Wednesday, September 12, 2012

Some Weird Notion

I guess as far back as the early nineties when I was still in college, there was this idea in my head about having my own cafe. I thought about a cafe at the time as a place to hang works of art and lounge around thinking about big questions. The idea has always been for me that it was a place where people meet and want to be, not just to consume coffee. I think a cafe's function is as a place where the mind can roam free from the mechanics of everyday living. Cafes that succeed, I think, are simple places where organic materials such as wood and stone combine in ways to give the people that come there the sense that the place has been and will be there for a very long time. They create warmth and a home like atmosphere, much in the same way the facade of many old banks once give depositors a sense of stability and security.

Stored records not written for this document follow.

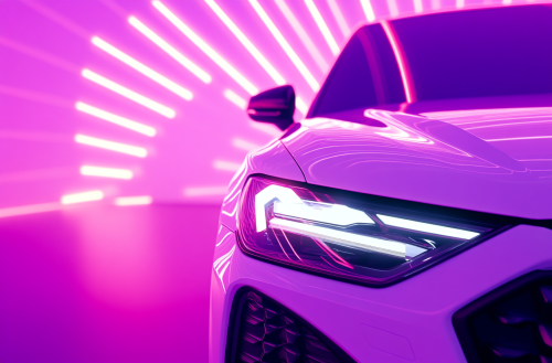 Cinematic photograph of the 2020 Audi A1, white body color with black details, parked in front of an abstract background with purple gradient colors, low saturation, featuring modern design elements and illuminated headlights. The backdrop is a gradient from purple to pink. The overall composition captures motion blur and dynamic lighting, enhancing visual appeal. --ar 35:23
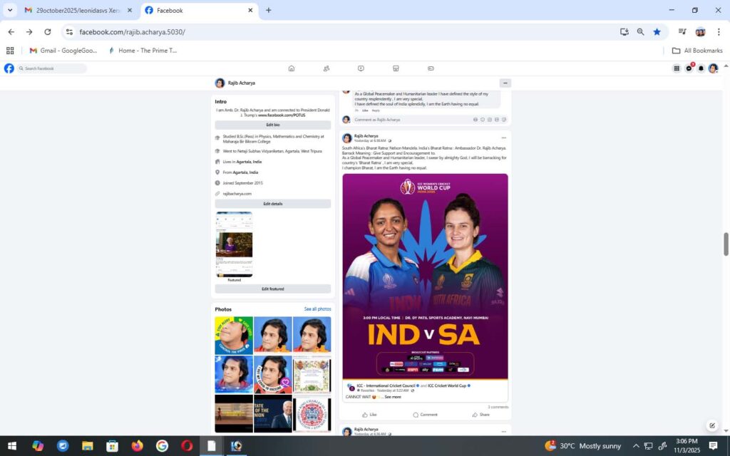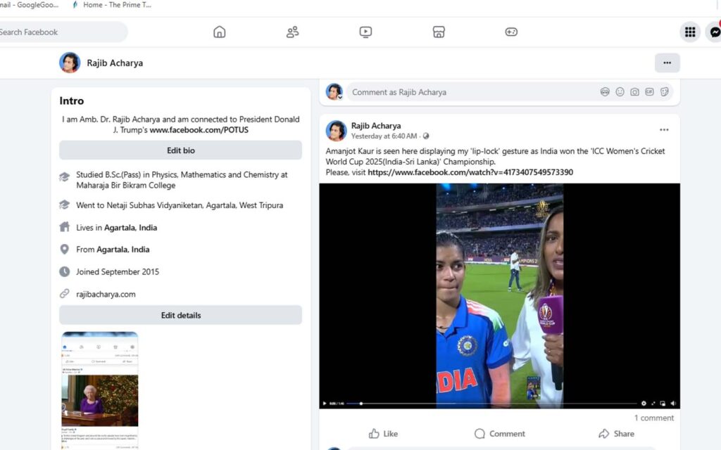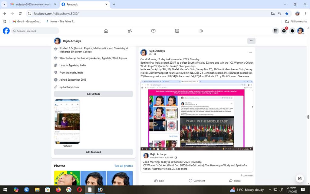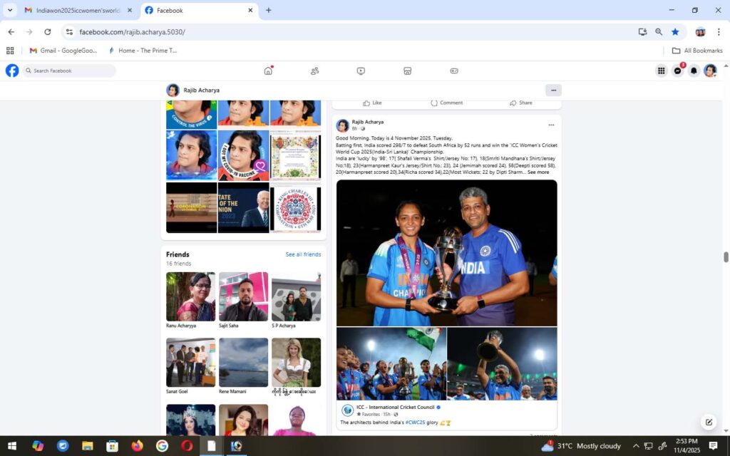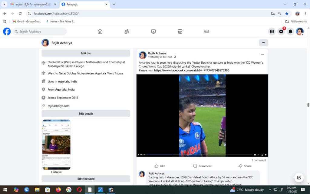 Amanjot Kaur is seen here displaying my ‘lip-lock’ gesture as India won the ‘ICC Women’s Cricket World Cup 2025(India-Sri Lanka)’ Championship. Please, visit https://www.facebook.com/watch?v=4173407549573390 Rajib Acharya Batting first, India scored 298/7 to defeat South Africa by 52 runs and win the ‘ICC Women’s Cricket World Cup 2025(India-Sri Lanka)’ Championship. India are ‘lucky’ by ’98’, 17( Shafali …
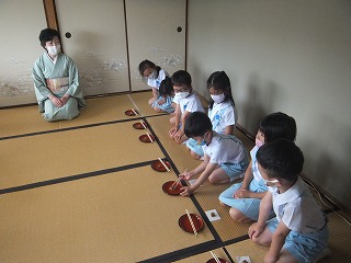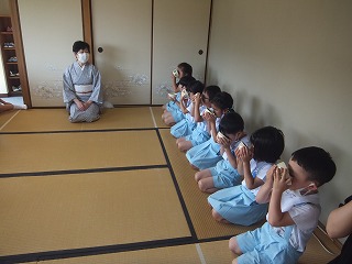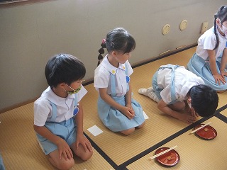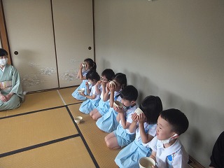 お箸の扱い方やお抹茶の苦さに苦戦していると、お友だちがこうだよ!と教えてくれたり、がんばれ!っと応援してくれたり、お作法の時間を積極的に参加しているのが伝わります。
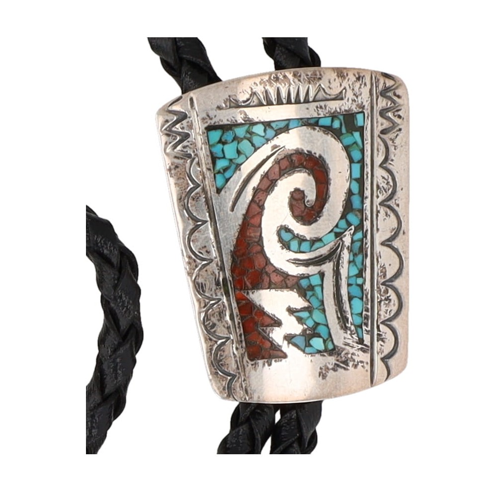 Signed Navajo Crushed Coral Turquoise Sterling Bolo Tie 31g
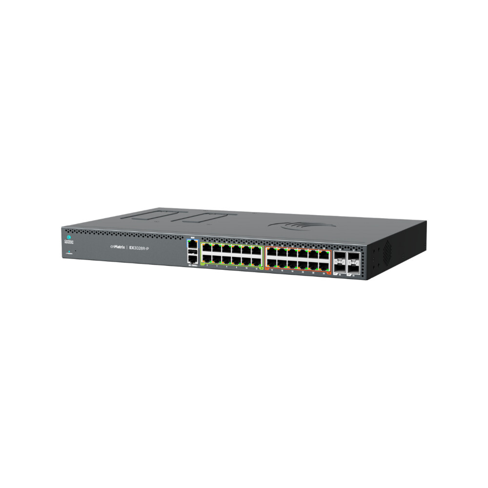 Il Cambium Networks cnMatrix EX3028G-P, modello MX-EX3028GxPA-10, è uno switch enterprise di nuova generazione progettato per ambienti professionali ad alta densità . Dispone di 24 porte 1/2,5 GbE con supporto PoE++ (802.3bt) fino a 90 W per porta e un budget complessivo di 1440 W, oltre a 4 uplink SFP28 1/10/25 GbE per connettività ad alte prestazioni.
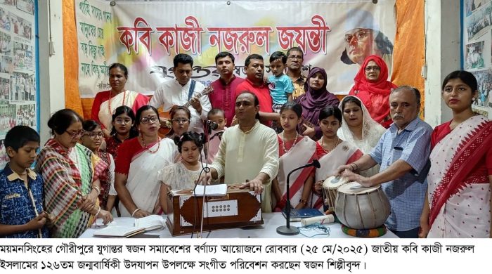 ময়মনসিংহের গৌরীপুরে যুগান্তর স্বজন সমাবেশের বর্ণাঢ্য আয়োজনে রোববার (২৫ মে/২০২৫) জাতীয় কবি কাজী নজরুল ইসলামের ১২৬তম জন্মবার্ষিকী উদযাপন করা হয়েছে। এ উপলক্ষে আলোচনা সভা, কবিতা আবৃত্তি ও সংগীত পরিবেশন অনুষ্ঠিত

These big hulking buildings with marble floors and grand ceilings, giant columns guarding the entrance, all combined to appeal to people's sense of permanence. Banks may not be paragons of permanence or security but we sure seem to have responded to the elements of architecture they utilized. Cafes are different from banks but people don't necessarily need to be enticed to enter with use of facades especially not patiently false ones. People want to be in a cafe to see and be seen, to socialize with others in a comfortable setting which is not an implied party the way a bar which serves alcohol might be. I think it's easy for cafe owners to get caught up in the commodity "coffee" they are trying to sell and forget that the real attraction is "place". There has to be harmony between the business of coffee and the social aspect of the "coffee house". As cheeky as it may sound and I'm sure it's been said before, every cafe should strive to be the third most important location in peoples lives behind work and home, the home away from home. This isn't some weird notion, just something obvious that's been out there all along.